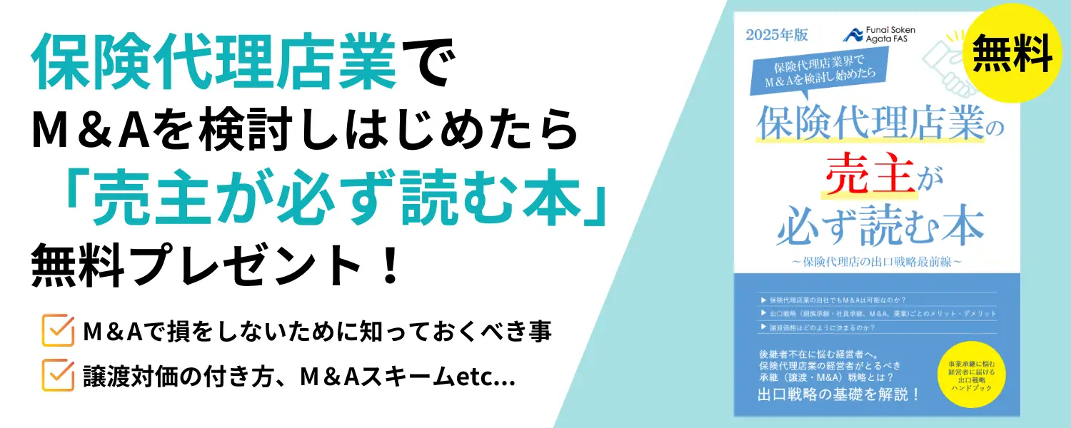 ・自分も高齢になって、そろそろ引退を考えたいが、資格者の後継者がいない。・会社を第三者に承継したいが、どのような選択肢があるのか分からない。・保険代理店を売却できるという話を聞いたが自分の会社も売却できるか、また、条件等を知りたい。・自分はまだ働けるが、経営は第三者に譲りたい。・50代で、今すぐ承継したいわけではないが、後継者がいないので、今後の選択肢を知っておきたい。保険代理店業専門コンサルタントが作成した、M&Aを検討し始めたら譲渡主がまず読む本は、下記からダウンロードいただけます。
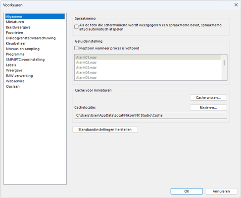 - Als [Pieptoon wanneer proces is voltooid] is geselecteerd, maakt NX Studio een geluid wanneer de verwerking is voltooid. Het geluid kan worden geselecteerd uit de lijst.
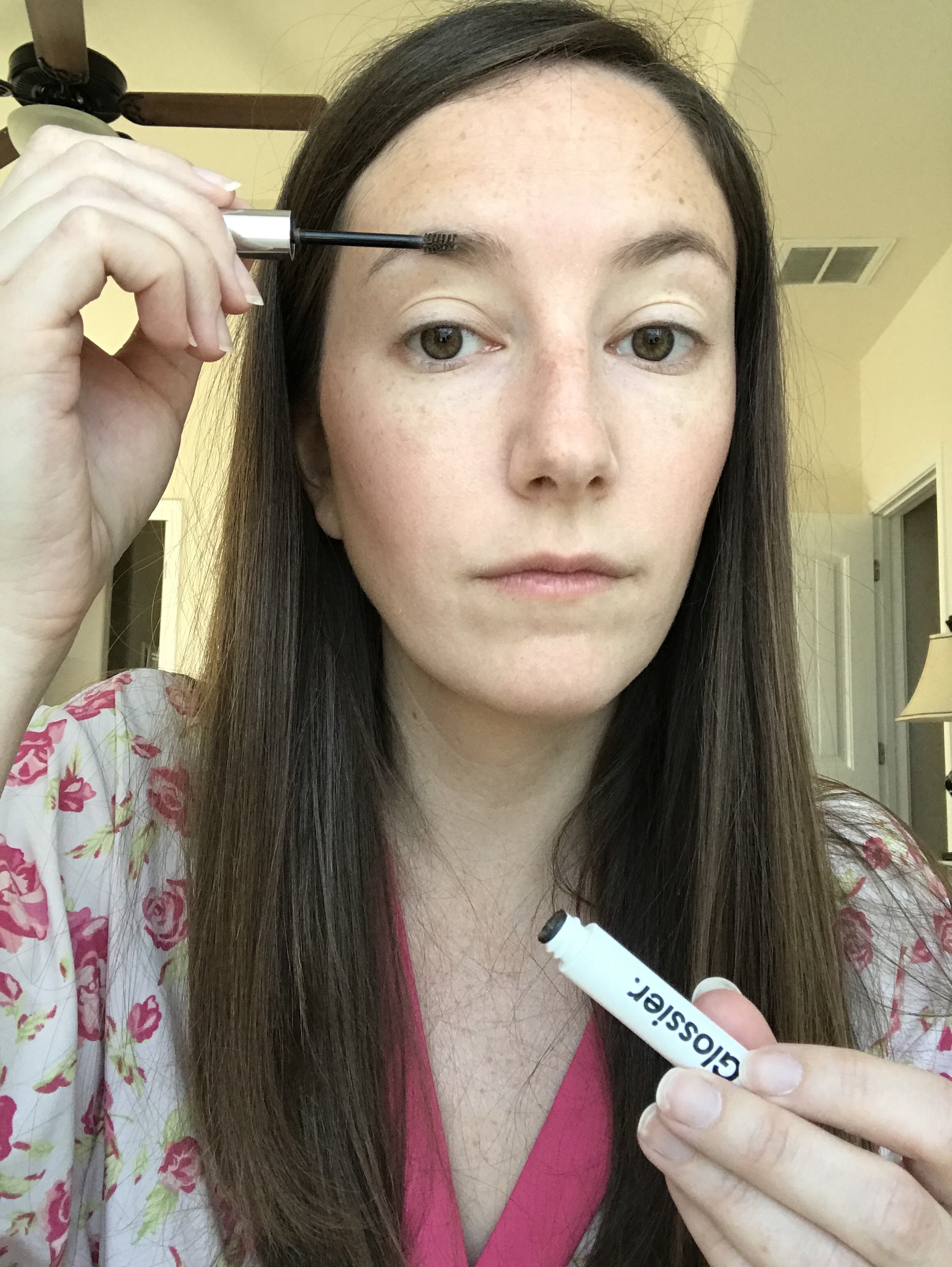 For my brows, I brush in some Glossier Boy Brow, and I’m good to go. It darkens the hairs and fills in any sparse areas.
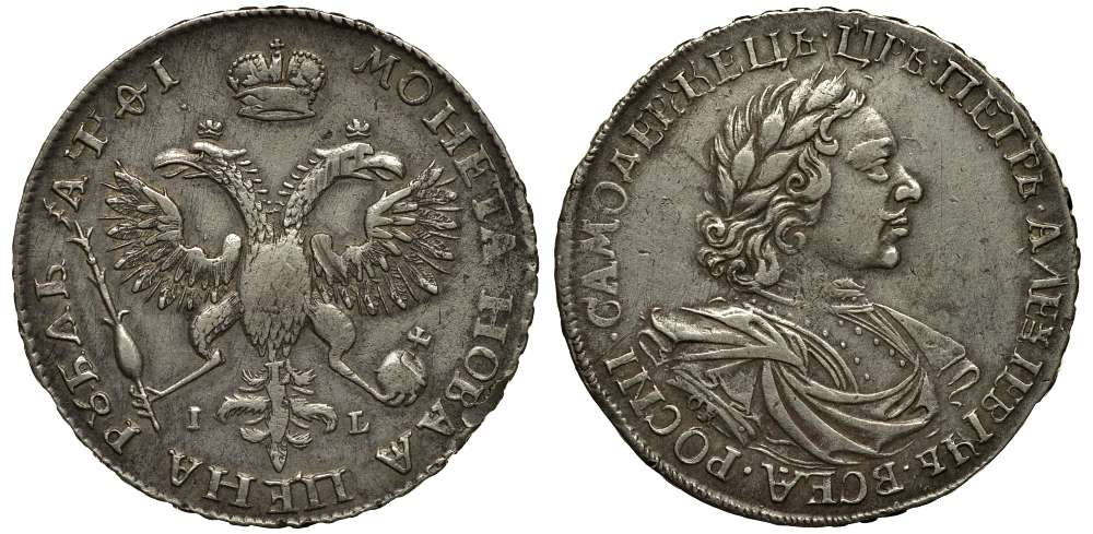 Россия 1 рубль 1719 OK-IL-L, портрет в латах, Красный монетный двор Биткин 824 серебро 10-020-39
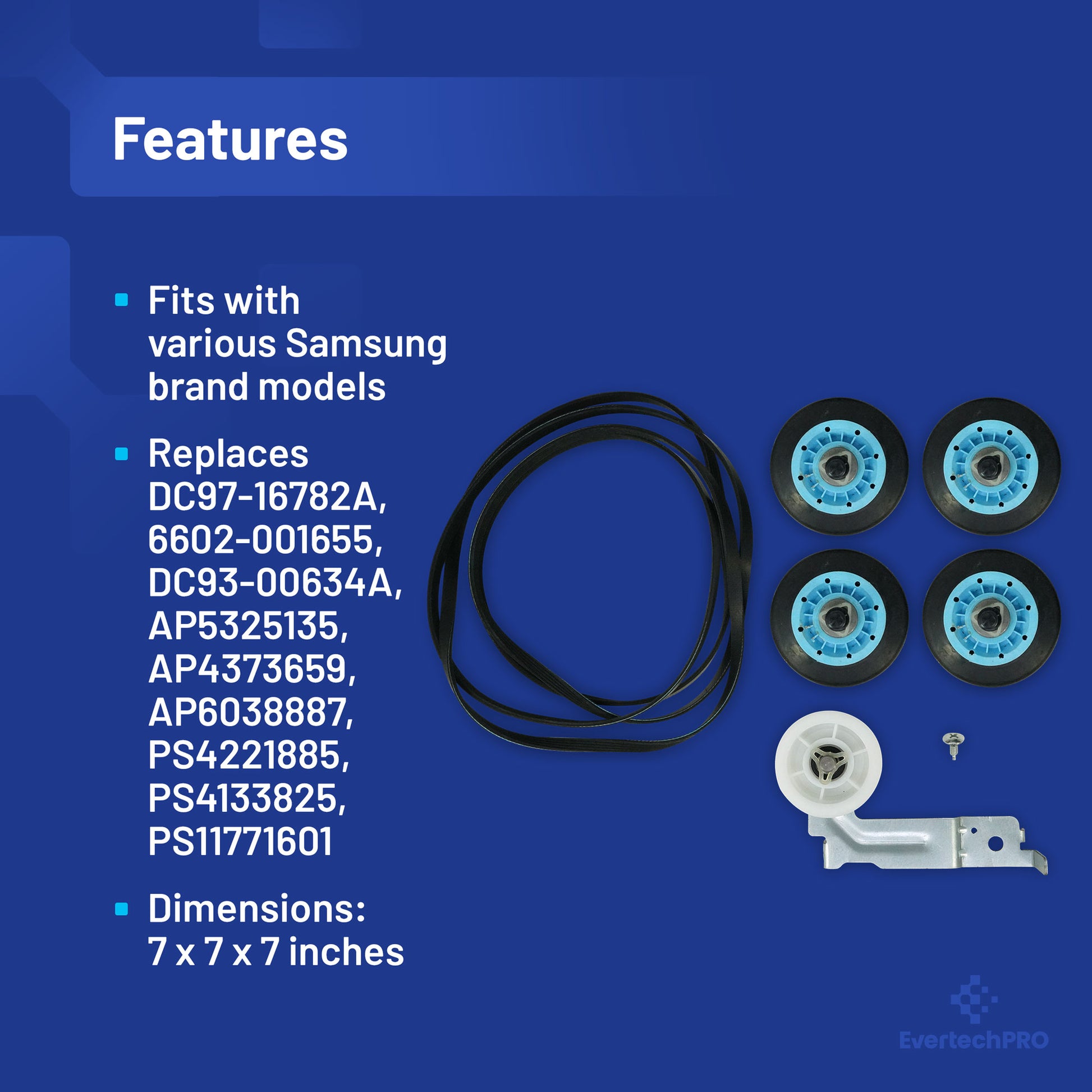 EvertechPRO Dryer Replacement Rollers Belt And Pulley Repair Kit Part Number DC97-16782A 6602-001655 DC93-00634A replaces EAP4221885 PS4218839 EAP42188392027851 DC97-07523A DC97-07523B PS4221885 DE7523 AP5325135 AP4373659 6602-001314 1935594 6602-001314 EAP4133825 PS4133825 AP4373659 6602-001314 1935594 6602-001314 EAP4133825 PS4133825
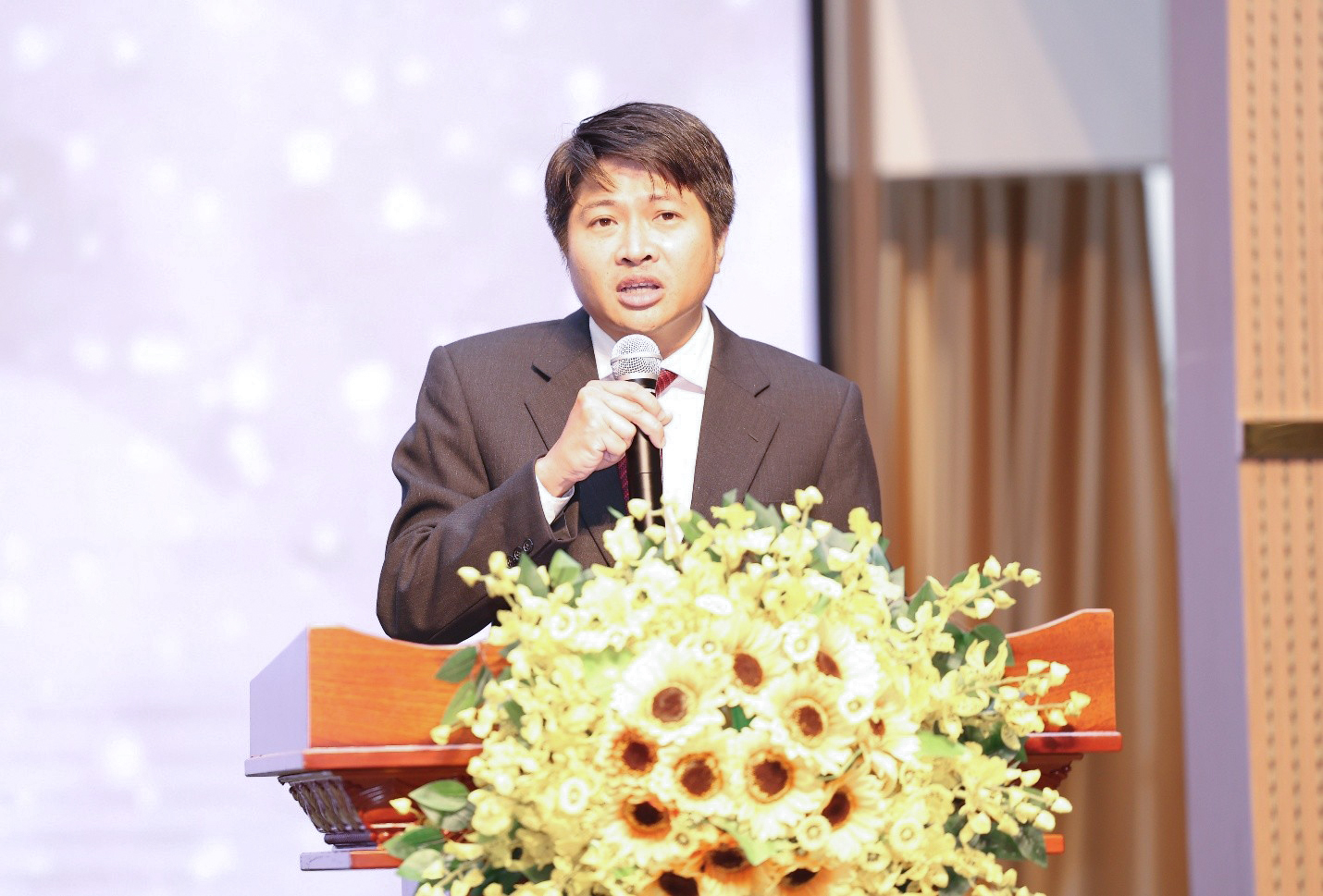 ThS.BSCKII Nguyễn Đức Trung - Phó Giám đốc Bệnh viện An Bình, tân nghiên cứu sinh ngành Ngoại Khoa đại diện học viên Sau Đại học phát biểu tại buổi lễ. (Ảnh VPT cung cấp)
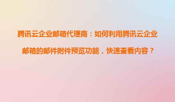 2025-11-03腾讯云企业邮箱代理商:如何利用腾讯云企业邮箱的邮件附件预览功能快速查看内容? 一、腾讯云企业邮箱的核心优势 腾讯云企业邮箱作为国内领先的企业级邮件服务,凭借腾讯云强大的技术支撑...
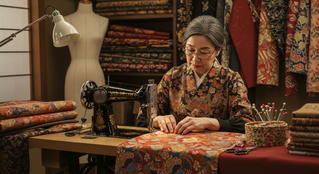 Одним из ключевых аспектов при пошиве одежды с японским дизайном является подбор ткани. Натуральные материалы, такие как хлопок, лен, шелк и шерсть, используются чаще всего. Они не только приятны к телу, но и отлично держат форму, позволяя создавать плавные, мягкие линии и выразительные складки. Ткани с фактурой и лёгким блеском помогают подчеркнуть изысканность и глубину образа.
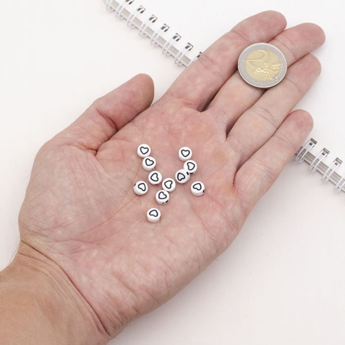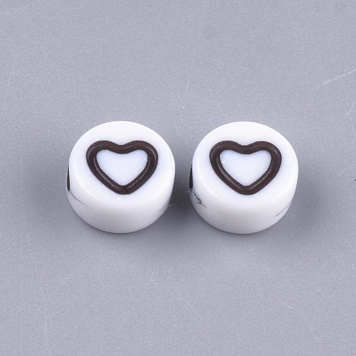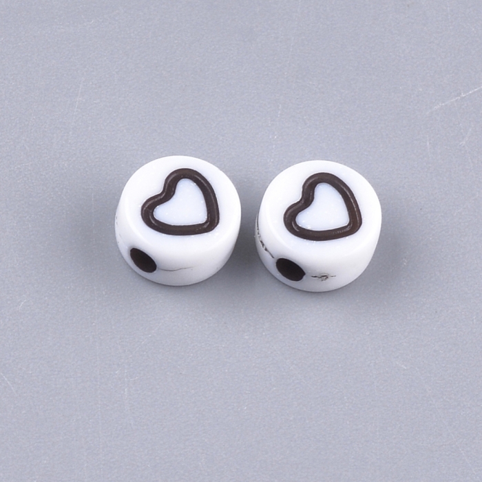 Бусины Акрил Крафт Стиль, Круглые Плоские с Сердцем, Цвет: Белый, Размер: 7х3.5мм, Отверстие 1.5мм, около 200шт/25г, (УТ100024871)
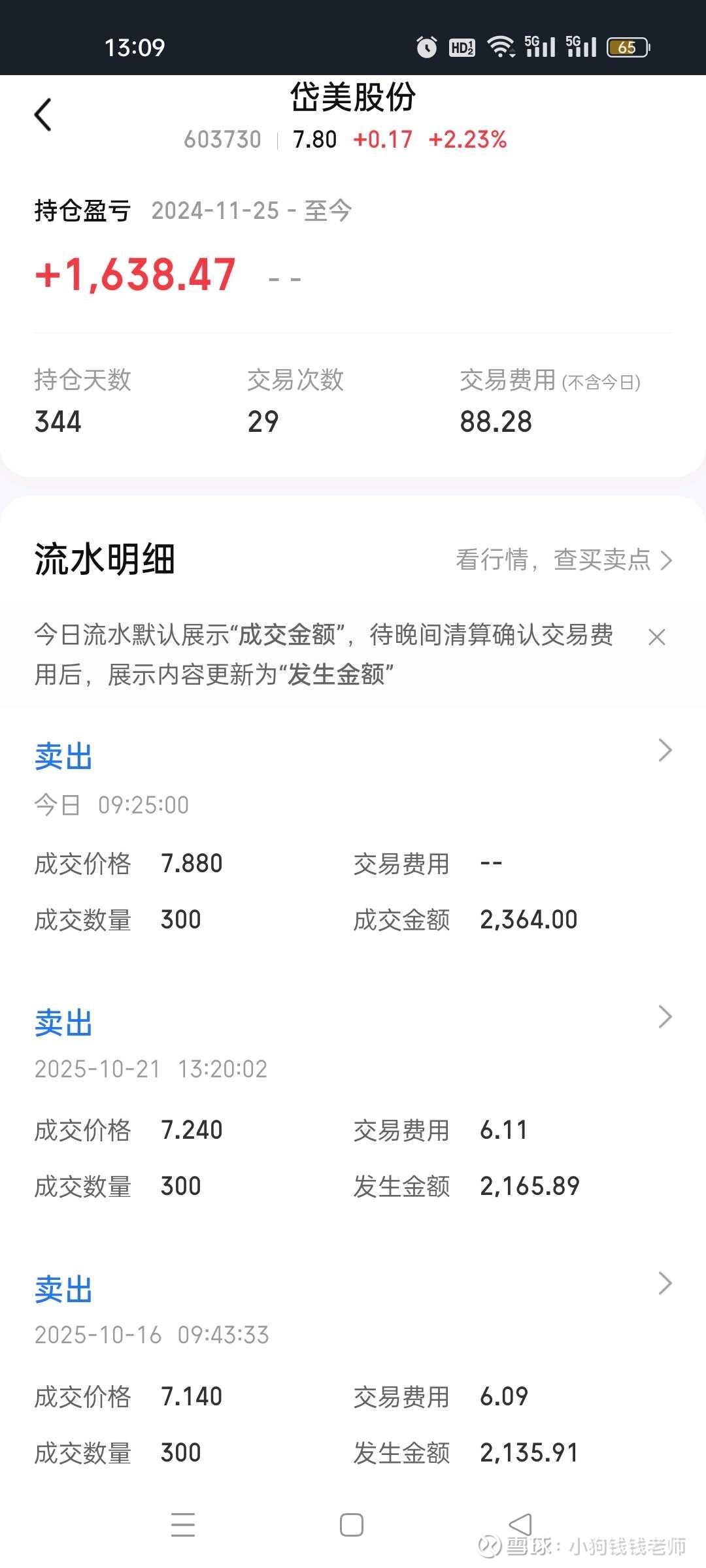 岱美股份,我今天在7.88元清仓,持有344天。共操作29次,盈利1638元。
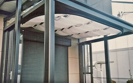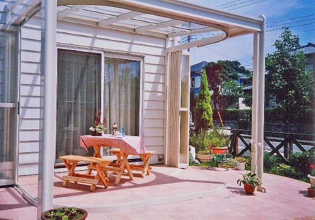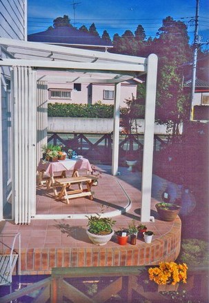 ![]() フルオープン、フルクローズのサンルーム。 現在では進化したバージョンが販売されている。 |
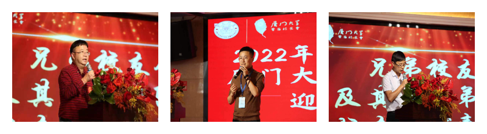 2017级生物学系李佳家、2017级预防医学系王炜捷、2019级金融系赵文泽代表新加入云南校友会的厦大校友发言。大家表示,将以校主陈嘉庚先生为人生楷模,发扬母校校训精神,传播母校优良校风,扎根云南、落户云南,为祖国西南地区建设与发展贡献力量。

________________

◆ ASSIGNMENT: The line with "フルオープン、フルクローズのサンルーム。 現在では進化したバージョンが販売されている。 |" marks the start, and the last line of the material marks the end. Reproduce exactly those two lines and every line between them, without the pictures.

◆ REPLY:
 ![]() フルオープン、フルクローズのサンルーム。 現在では進化したバージョンが販売されている。 |
 2017级生物学系李佳家、2017级预防医学系王炜捷、2019级金融系赵文泽代表新加入云南校友会的厦大校友发言。大家表示,将以校主陈嘉庚先生为人生楷模,发扬母校校训精神,传播母校优良校风,扎根云南、落户云南,为祖国西南地区建设与发展贡献力量。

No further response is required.